LABOUR Party candidates are re-thinking expectation management as the final knockings of this year’s council election campaigns approach. There is apparent internal concern that while the team are still very confident of taking new seats, failing to advance from the current majority of 24 next week would suddenly start to look like some kind of failure for the relatively new leader Georgia Gould, after all the talk of a wipeout victory in Camden.

The idea that viewing a 24-seat majority, still a vice-like grip on the council chamber, as a downer is a curious thought, but the most superstitious are eager that the party does not over bet in these last days of campaigning.

“By telling people we can take nearly every seat, we are now playing into a narrative of how we want to crush democracy,” says one fairly well-placed insider. “Quietly confident would be the better option, and then see what happens.”

You’d need someone with a psychology degree to decipher all of the reverse mind games and boomerangs at play here.

Some of Jeremy Corbyn’s critics don’t want it to look easy to take the whole council at a time when the Labour leader is facing protests about anti-semitism in the Labour Party. A very large would win would also trigger: ‘We won because of Jeremy’ versus the ‘we won despite of Corbyn’.

Others think the hard work put in on the ground over the last few weeks goes unheralded if the story is set up in headline print as ‘Labour to win a landslide’, and then, as if it didn’t take any canvassing and organising, Labour does just that.
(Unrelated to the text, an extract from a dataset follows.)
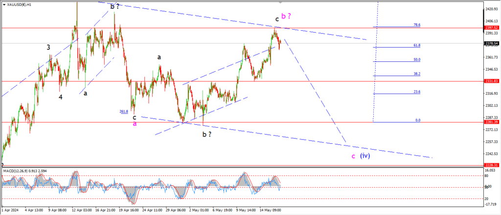 Wave (c) can then begin a five wave decline over the coming weeks.

Then there are those who genuinely think the story of Labour advancing further than it ever has before in Camden is overblown, partly because of the threat of a protest Brexit vote, and partly because of immovable loyalties to particular candidates and parties among voters likely to actually participate in elections.

“I’m told a poll is coming out on Thursday which isn’t good for Labour in London,” tweeted the Guardian columnist Owen Jones, for a bit of late jitters. “It’s been a hellish few weeks for Labour. It’s not in the bag in the local elections. Not even close. This is a wake-up call. If you don’t vote and encourage others to vote, Labour will lose.”


WHEN the bookmakers first opened up their markets for this year’s local elections, Labour was pegged at 1/7 favourites to win a majority in Barnet (i.e. bet £7 to win a profit just £1). Again looking at the prices purely as a guide – don’t gamble – it must be slightly alarming for the party to see the odds drift right out to 6/4. This maybe some guesswork by the bookies who believe anti-semitism protests will in particular affect north London boroughs, eating into recent form guides. Maybe it is something else, but someone, somewhere has learned something to give them a wobble.




IN 2006, the Tories scalped a seat in the Highgate ward through Paul Barton, who perhaps was not expecting that he’d actually win and after a couple of years he stepped down. The Greens won the resulting by-election. Imagine, however, just imagine, if the Conservatives were to repeat the trick in the ward this time and Simone Finn was elected, or to call her by official title Baroness Finn, of Swansea.

There she’d be, Baroness Finn, a former special adviser to the government and a close friend of Michael Gove, on the red benches of the House of Lords in the daytime and arguing for weekly bin collections on the green seats of the council chamber at night. Sadly, the Baroness’s busy schedule meant she was unable to attend the hustings in Highgate last night, a petite affair organised by the Croftdown Residents Association which saw around 30 people on fold-up chairs. And with the Labour and Greens in intense combat in the ward, you’d have to be a wildcard gambler to bet on the Tories to win again here this time.

Hustings report coming up later.


OBVIOUSLY, my favourite journalists covering the neighbouring borough are the soaraway Islington Tribune’s Samantha Booth and Emily Finch, they’re great, but from afar I admire the way Ramzy Alwakeel edits the Islington Gazette. This week, rather than take a photo at a certain angle or pretend the hall was packed, the paper conceded the council elections it had organised had seen a “terrible turnout”. Not every paper would put it like that at about their own event. Fair play to him, I thought, and good on the paper for arranging one in the first place. It makes you wonder, beyond politicos and journalists, how many people in the wider public actually care that the council elections are… NEXT WEEK.


THE parties should be starting to get the first postal vote data. None of it can be reported here under electoral rules.


HERE’S two fresh-faced leaders to be in the Haverstock School sports hall in 2010 as Sarah Hayward and Georgia Gould celebrate seeing Camden Council back in Labour’s hands. Cllr Hayward took over the leadership of the council in 2012…

…and passed the baton on to Cllr Gould in 2017.